*Work request*. Copy the listing as it is written, and leave each picture out.

*Data*.
+ + + +

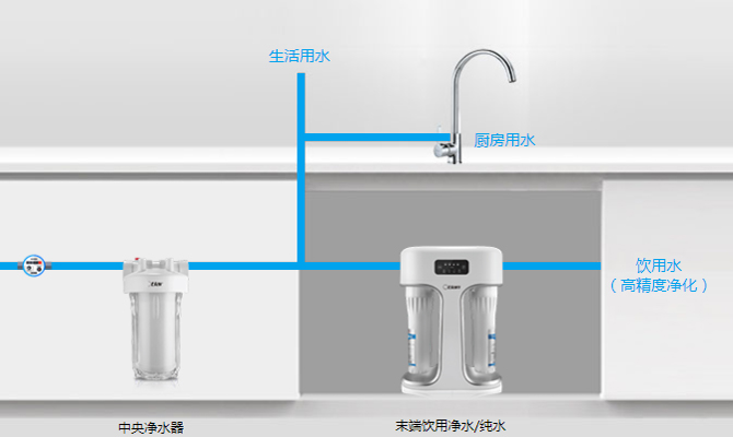 前置过滤器+中央净水器 + 末端饮用净水器/纯水机
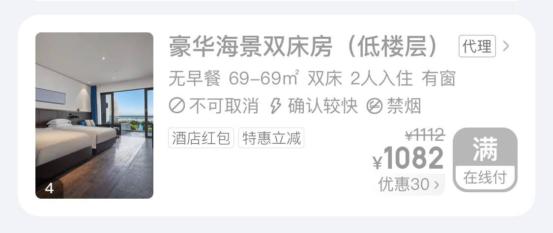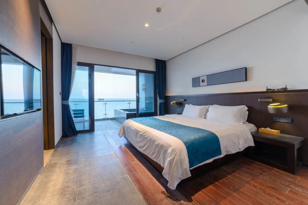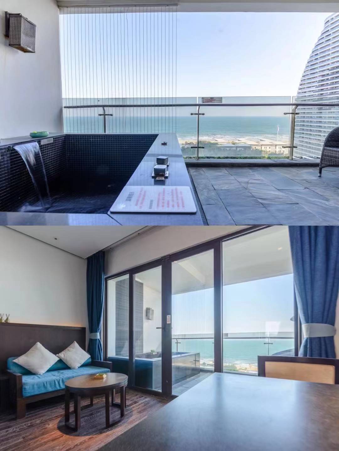 【到手2间!无敌正海景泡池房】周末不加收~有海有温泉!楼下就是沙滩!60㎡超大空间正海景大阳台SPA泡池看日出!398元惠州双月湾檀悦海诗温泉酒店2号楼王正海景房2间+阳台海泉SPA泡池送1池水+铂金
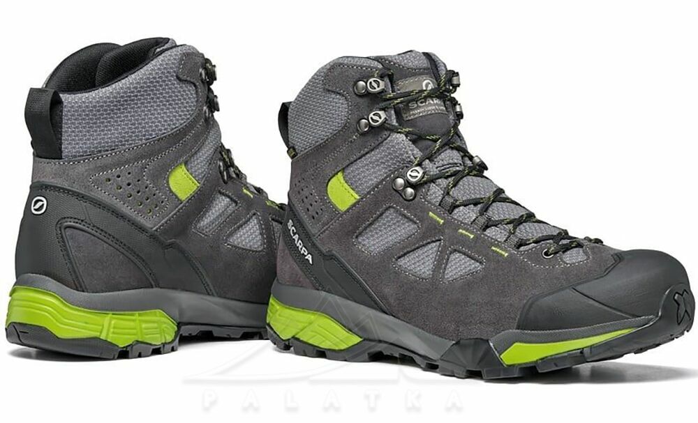 Scarpa ZG Lite GTX — міцні чоловічі трекінгові черевики з технічної тканини та водостійкої замші. Підійдуть для ґрунтових доріжок, гірських прогулянок і швидкого туризму з невеликим навантаженням.
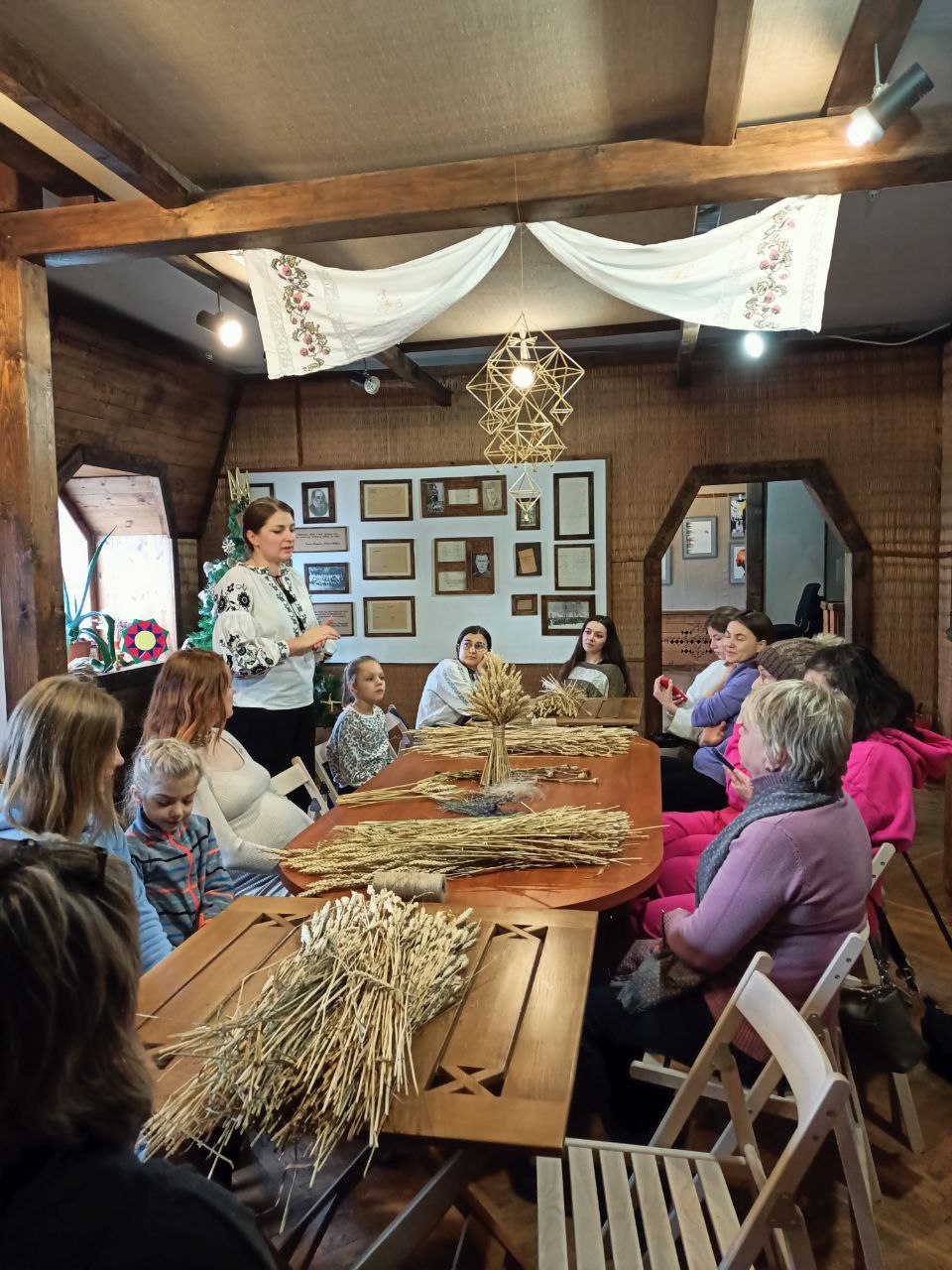 У затишній світлиці музею Панаса Мирного відбувся майстер-клас, на якому учасники власними руками створили традиційну українську різдвяну прикрасу Дідуха.

+ + + +

*Response to the task*.
 前置过滤器+中央净水器 + 末端饮用净水器/纯水机
 【到手2间!无敌正海景泡池房】周末不加收~有海有温泉!楼下就是沙滩!60㎡超大空间正海景大阳台SPA泡池看日出!398元惠州双月湾檀悦海诗温泉酒店2号楼王正海景房2间+阳台海泉SPA泡池送1池水+铂金
 Scarpa ZG Lite GTX — міцні чоловічі трекінгові черевики з технічної тканини та водостійкої замші. Підійдуть для ґрунтових доріжок, гірських прогулянок і швидкого туризму з невеликим навантаженням.
 У затишній світлиці музею Панаса Мирного відбувся майстер-клас, на якому учасники власними руками створили традиційну українську різдвяну прикрасу Дідуха.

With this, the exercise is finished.